A group of 16 state attorneys general reached a deal with a Tennessee nonprofit charged with violating state law with its “Operation Teddy Bear” program.
Operation Troop Aid (OTA) engaged in a co-venturing relationship with Harris Jewelry, a retail jewelry store chain that specifically markets and sells to servicemembers. Together, OTA and Harris created Operation Teddy Bear, with teddy bears of various sizes dressed in military uniforms sold at Harris retail stores. Depending on the size of each bear sold, a fixed dollar amount was to be donated to OTA for the express purpose of sending care packages to servicemembers.
But OTA—and its founder, president and chief executive officer Mark Woods—ran afoul of Tennessee’s Consumer Protection Act between 2012 and 2017, when the program was in place, the AGs said.
“OTA acknowledges that it never undertook any oversight of Harris Jewelry’s Operation Teddy Bear, which was consistently publicly advertised as a promotion to support OTA,” according to the Agreed Final Judgment. “OTA never requested an accounting of the numbers of bears sold, nor sought any information from Harris Jewelry as to the appropriateness of the per-bear dollar figure that was purportedly sent to OTA. Moreover, OTA never provided Harris Jewelry with any specific or documented information as to how the funds donated by Harris Jewelry were used or how many care packages were sent to servicemembers.”
In addition, the defendants admitted that OTA failed to segregate any donated funds as restricted funds, even when designated for a particular purpose, and that the funds were improperly expended on noncharitable purposes.
“[B]oth in how it conducted the co-venture with Harris Jewelry, and for using donated funds for purposes other than those expressly represented as the charitable purpose of OTA, Defendants acknowledge that they engaged in unfair, false, misleading, or deceptive solicitation and business practices,” the Agreed Final Judgment stated.
The AGs—representing California, Delaware, Georgia, Idaho, Illinois, Kansas, Louisiana, Maryland, Nevada, New York, North Carolina, Pennsylvania, Tennessee, Virginia and Washington, along with the Hawaii Office of Consumer Protection—settled the charges with a permanent injunction against the defendants. OTA agreed to dissolve its operations and corporate identity, and Woods promised to refrain from certain involvement with nonprofit corporations, charitable organizations and charitable trusts.
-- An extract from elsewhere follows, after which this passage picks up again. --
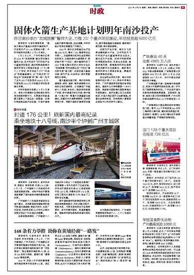 固体火箭生产基地计划明年南沙投产

A $10,000 civil penalty assessed against the defendants will be held in abeyance unless OTA and/or Woods fails to fully comply with the terms of the Agreed Final Judgment.
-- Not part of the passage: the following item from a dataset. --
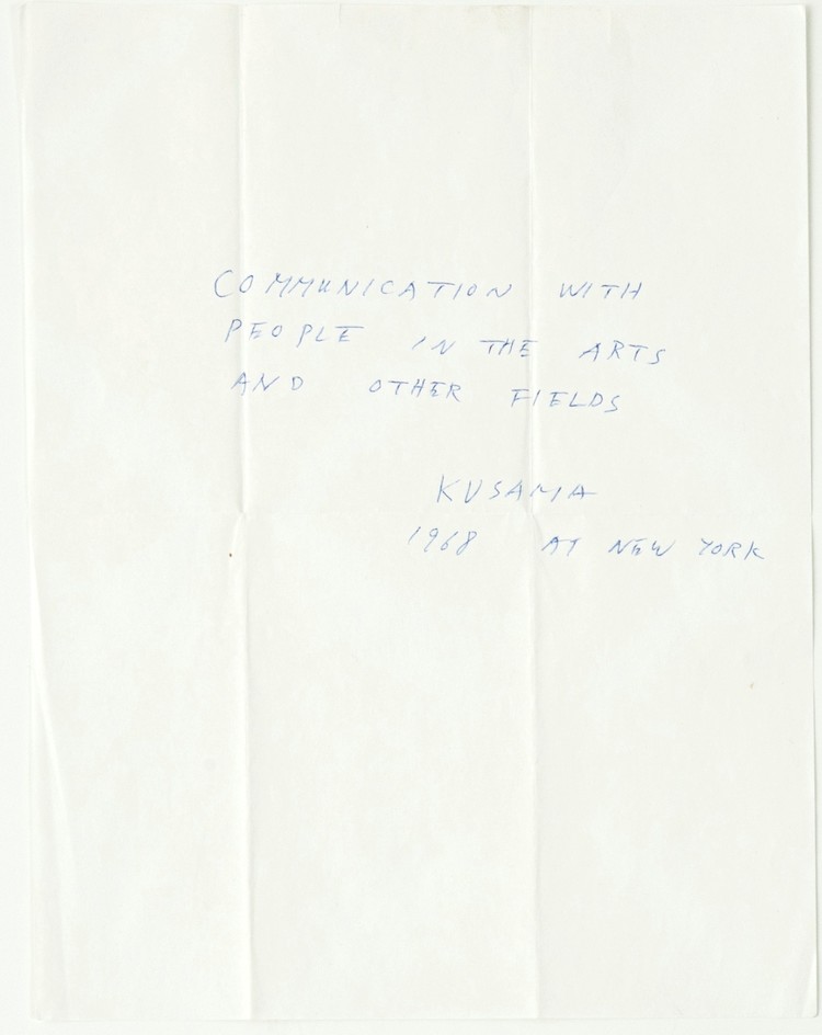 쿠사마 야요이가 수기로 작성한 "예술, 그리고 다른 분야의 사람들과의 소통"에 대한 메시지. 서명감정회사 토드뮬러사(Todd Mueller Autographs, 미국 콜로라도 위치)의 친필 확인증서가 첨부되어 있다.

To read the Agreed Final Judgment in Tennessee v. Operation Troop Aid, Inc., click here.
Why it matters: The AGs’ charges of operating a deceptive marketing campaign and failing to supervise the co-venturing relationship as required by charities statutes provide an important reminder to businesses involved in charitable efforts that they must ensure compliance with all relevant state laws. In combination with the recent launch of “Operation Donate with Honor,” a crackdown by the Federal Trade Commission on fraudulent charities that deceive consumers by falsely promising their donations will help veterans and servicemembers, it appears as if enforcement against charities and their partners is on the rise.